## Exercise prompt
A word-for-word retyping of the listing below is required, with the pictures dropped.
╔══
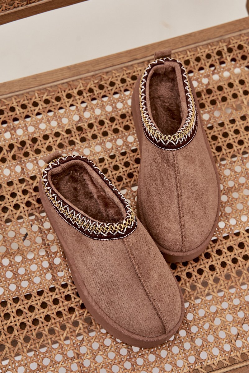 Vaikiki vaikiški/paaugliams skirti sniego batai, pagaminti iš eko zomšos, yra puikus pasirinkimas žiemos dienoms. Platformos modelis užtikrina patogumą ir efektyvią izoliaciją nuo šalto pagrindo, garantuodamas šilumą net ir šaltu oru. Batų vidus apšiltintas minkštu kailiu, kuris maloniai apglėbia pėdas, padidindamas dėvėjimo komfortą. Žema, įsispiriama aulinė dalis palengvina apsiavimą ir nusiavimą, todėl modelis yra itin praktiškas kasdien. Viršutinėje aulinės dalies dalyje esantis dekoratyvinis siuvinėjimas suteikia žavesio ir madingo charakterio. Tai stilingi ir funkcionalūs sniego batai, puikiai tinkantys tiek žiemos pasivaikščiojimams, tiek kasdieniam naudojimui šaltomis dienomis.
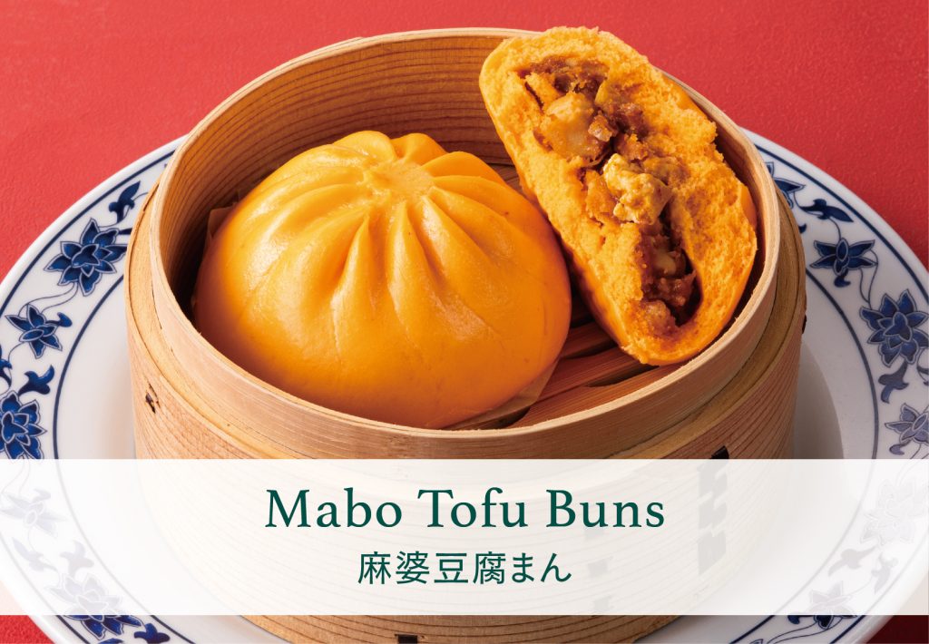 重慶飯店の麻婆醤と豆腐入りのあんをオレンジ色の皮でくるんだ、見た目にもインパクトのある饅頭です。
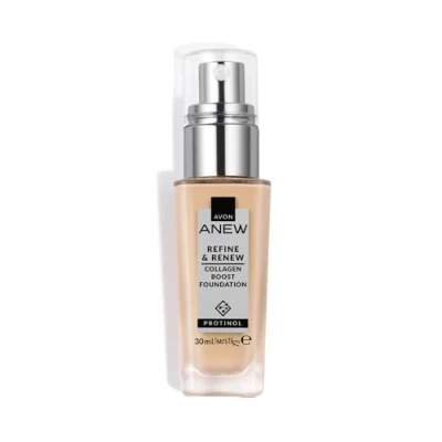 MAKEUP & SKIN-CARE IN 1 - See a new level of visible results and boost skin's natural luminosity with Anew Refine & Renew Collagen Boost Foundation, developed by Anew skincare experts. Powered by skin science - this collagen-boosting liquid foundation is formulated with award-winning Protinol to help stimulate skin to naturally produce 50% more collagen for a more resilient, plumper, and firmer-looking complexion. BLURRING TECHNOLOGY - This is the silken foundation that helps erase signs of fatigue without settling into fine lines, with SPF30 to help protect your skin from the sun. It also visibly improves your skin texture each time you wear it, helping it look more refined, rejuvenated and energised, as if lit from within. HOW TO USE: We recommend applying with our Flat Foundation Brush or Full-Coverage Foundation Brush for a pro finish. Blend the foundation out around your hairline, jawline and neck with our Flat Buffing & Stippling Brush for a seamless finish. Cover any imperfections that are still showing with the Anew Protinol Concealer. CRUELTY FREE - We don't test a single product or ounce of ingredient on animals. In fact, we're actively against it, campaigning for acceptance on non-animal testing methods for more than 3 decades. AVON - We're passionate about keeping you at the centre of beauty, creating products that embrace the latest trends and cutting-edge technology, alongside everyday essentials that will be the staples of your beauty kit.
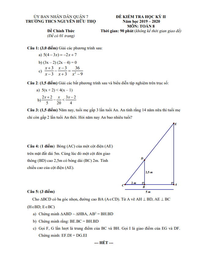 Đề thi HK2 Toán 8 năm 2019 – 2020 trường THCS Nguyễn Hữu Thọ – TP HCM
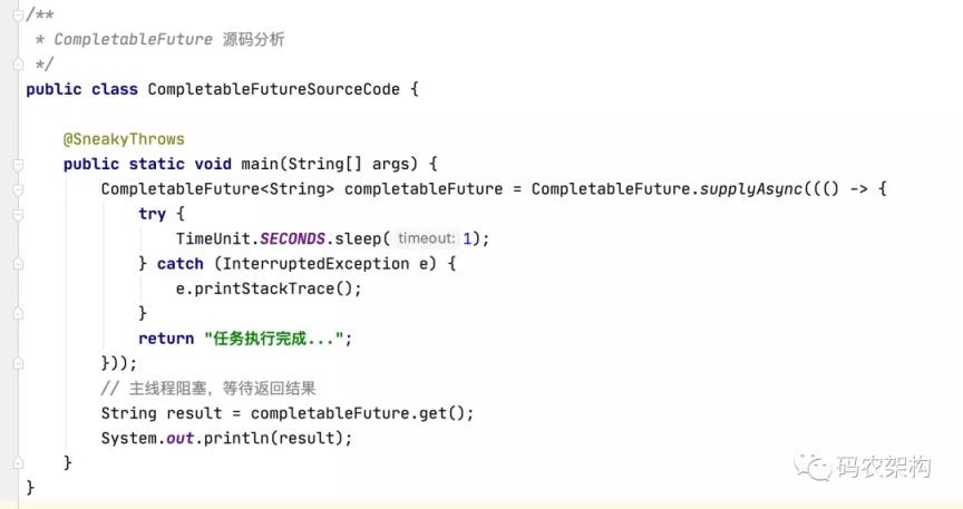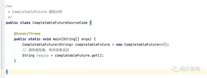 CompletableFuture 实现了 Future 接口,所以它也具有 Future 的特 性:调用 get() 方法会阻塞在那,直到结果返回。
╚══
## Result of this exercise
 Vaikiki vaikiški/paaugliams skirti sniego batai, pagaminti iš eko zomšos, yra puikus pasirinkimas žiemos dienoms. Platformos modelis užtikrina patogumą ir efektyvią izoliaciją nuo šalto pagrindo, garantuodamas šilumą net ir šaltu oru. Batų vidus apšiltintas minkštu kailiu, kuris maloniai apglėbia pėdas, padidindamas dėvėjimo komfortą. Žema, įsispiriama aulinė dalis palengvina apsiavimą ir nusiavimą, todėl modelis yra itin praktiškas kasdien. Viršutinėje aulinės dalies dalyje esantis dekoratyvinis siuvinėjimas suteikia žavesio ir madingo charakterio. Tai stilingi ir funkcionalūs sniego batai, puikiai tinkantys tiek žiemos pasivaikščiojimams, tiek kasdieniam naudojimui šaltomis dienomis.
 重慶飯店の麻婆醤と豆腐入りのあんをオレンジ色の皮でくるんだ、見た目にもインパクトのある饅頭です。
 MAKEUP & SKIN-CARE IN 1 - See a new level of visible results and boost skin's natural luminosity with Anew Refine & Renew Collagen Boost Foundation, developed by Anew skincare experts. Powered by skin science - this collagen-boosting liquid foundation is formulated with award-winning Protinol to help stimulate skin to naturally produce 50% more collagen for a more resilient, plumper, and firmer-looking complexion. BLURRING TECHNOLOGY - This is the silken foundation that helps erase signs of fatigue without settling into fine lines, with SPF30 to help protect your skin from the sun. It also visibly improves your skin texture each time you wear it, helping it look more refined, rejuvenated and energised, as if lit from within. HOW TO USE: We recommend applying with our Flat Foundation Brush or Full-Coverage Foundation Brush for a pro finish. Blend the foundation out around your hairline, jawline and neck with our Flat Buffing & Stippling Brush for a seamless finish. Cover any imperfections that are still showing with the Anew Protinol Concealer. CRUELTY FREE - We don't test a single product or ounce of ingredient on animals. In fact, we're actively against it, campaigning for acceptance on non-animal testing methods for more than 3 decades. AVON - We're passionate about keeping you at the centre of beauty, creating products that embrace the latest trends and cutting-edge technology, alongside everyday essentials that will be the staples of your beauty kit.
 Đề thi HK2 Toán 8 năm 2019 – 2020 trường THCS Nguyễn Hữu Thọ – TP HCM
 CompletableFuture 实现了 Future 接口,所以它也具有 Future 的特 性:调用 get() 方法会阻塞在那,直到结果返回。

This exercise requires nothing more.